I met Tom Keifer, well, actually not the Tome Keifer, but he was in a band--different guy.

This was before Cinderella--but I think he probably would have liked them.


----------



## 1PUTTS

Hmmm...I wouldn't call Stompin' Tom a Rock Star but I guess he is somewhat of a Canadian icon. I got to play one gig with him many years ago in this small place in Mississauga. My Mom worked at his record label and she was talking to him one day...he says he has this gig and the drummer can't make it. Of course my Mom pipes up that her son plays drums. Without even asking any further questions, he tells her OK and to bring me out. I was like 16 at the time and didn't even know enough to be nervous. So I got up there and pork chopped it along with the band and did OK I suppose. The only thing he told me beforehand was to not play over him and he keeps the time. No problem, Tom!

Other than that...I've opened for Blue Rodeo once - all really nice fellas. And Doug and the Slugs...um, no comment.

And oh...after a round of golf, we were sitting out on the patio afterward enjoying a beverage and I look over and Alex Lifeson is sitting right beside me at the next table.

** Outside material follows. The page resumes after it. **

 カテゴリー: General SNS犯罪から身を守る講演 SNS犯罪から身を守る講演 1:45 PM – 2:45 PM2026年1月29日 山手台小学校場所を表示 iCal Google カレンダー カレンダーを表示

I thought about doing my "Spirit of Radio" air guitar for him but then thought the better of it. Instead, as we were leaving, I just told him I was a big Rush fan and Neil was my favourite drummer and the reason I started playing drums myself. He seemed very humble, thanked me and that was that.


----------



## Rugburn

Had one too many with Dutch Mason at The Blue Cat Club in Calgary back in '96. He was a very nice guy and he kept offering me cigarettes and drinks all night. B.B.King called him the "Prime Minister of the Blues". I wished I'd seen him before arthritis ended his guitar playing days, but he was a fantastic singer with a top-notch band.

Shawn


----------



## mario

I have met a few famous guitarists...for the most part not rock stars but here goes:

THE GOOD GUYS

Danny Gatton. I saw him years ago in a bar. He was mingling with the bar patrons during intermission talking with whoever. Got the chance to talk with him for awhile about guitars and hotrods. Really nice guy! He ended up giving me a couple of guitar picks....still have them. I was shocked to find out a couple of years later that he took his own life. 

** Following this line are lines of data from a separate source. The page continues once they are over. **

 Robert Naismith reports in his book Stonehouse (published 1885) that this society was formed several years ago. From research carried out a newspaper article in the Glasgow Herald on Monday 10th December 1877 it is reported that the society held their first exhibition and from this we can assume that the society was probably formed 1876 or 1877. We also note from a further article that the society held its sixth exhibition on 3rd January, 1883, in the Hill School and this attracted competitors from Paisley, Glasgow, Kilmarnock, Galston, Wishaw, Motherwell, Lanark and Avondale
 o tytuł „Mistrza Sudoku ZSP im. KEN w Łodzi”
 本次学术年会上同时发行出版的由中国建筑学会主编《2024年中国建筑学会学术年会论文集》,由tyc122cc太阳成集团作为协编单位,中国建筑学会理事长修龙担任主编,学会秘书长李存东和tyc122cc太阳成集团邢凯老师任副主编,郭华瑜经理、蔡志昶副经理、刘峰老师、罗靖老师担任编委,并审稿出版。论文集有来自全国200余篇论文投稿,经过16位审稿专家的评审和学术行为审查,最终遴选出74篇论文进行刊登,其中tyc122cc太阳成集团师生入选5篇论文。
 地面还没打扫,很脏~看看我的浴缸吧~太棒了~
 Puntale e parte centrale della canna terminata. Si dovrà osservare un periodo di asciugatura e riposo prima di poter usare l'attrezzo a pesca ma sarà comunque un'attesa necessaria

John Hammond Jr. Again in a bar. Very nice approachable person with no ego whatsoever. One of my alltime fav players!

THE BAD GUY

Ritchie Blackmore. Years ago he played here in London when he was in Rainbow. A friend of mine's brother was working security and got us tickets and backstage passes. My buddy was a HUGE fan of Ritchie and brought an album along to hopefully get a autograph. Even way back then before the internet, Ritchie already had a reputation as being a dick. So after the show we wait around backstage waiting for Blackmore to walk by us so he can sign my friend's album. We get a glimpse of him walking with his valet (...he looked like one), so my friend get's the nerve to go up to him and ask him if he could sign the album. Ritchie tell's him to f*** off and walks into his limo. LOL....he was wearing a cape!


----------



## cheezyridr

fretboard said:


> Rik was the only one who came off as too good to talk to the common folks .


that's a shame, he's really talented. i wish that wasn't the case :-(



shoretyus said:


> My wife sat next to Cyndi Lauper on a plane once.. yup she's ah... lacking.. upstairs.


yeah, but she's really hot though


i met vinnie moore once, in a music store back home. he's from my hometown. he was cool enough to teach me how to play something properly that i was badly butchering.

i met j.p. and neil from clutch a couple of times, 
partied with the dudes from abraham's meatplow once,
kid rock bought me a beer. he was actually a pretty cool guy to chat with at the bar. he wasn't big yet at that time. 
i met dave wydorf from monster mag briefly. not much of a meeting and he was distracted by other stuff. 
axl rose was "on the nod" at a guys house from the old neighborhood, not really a meeting actually.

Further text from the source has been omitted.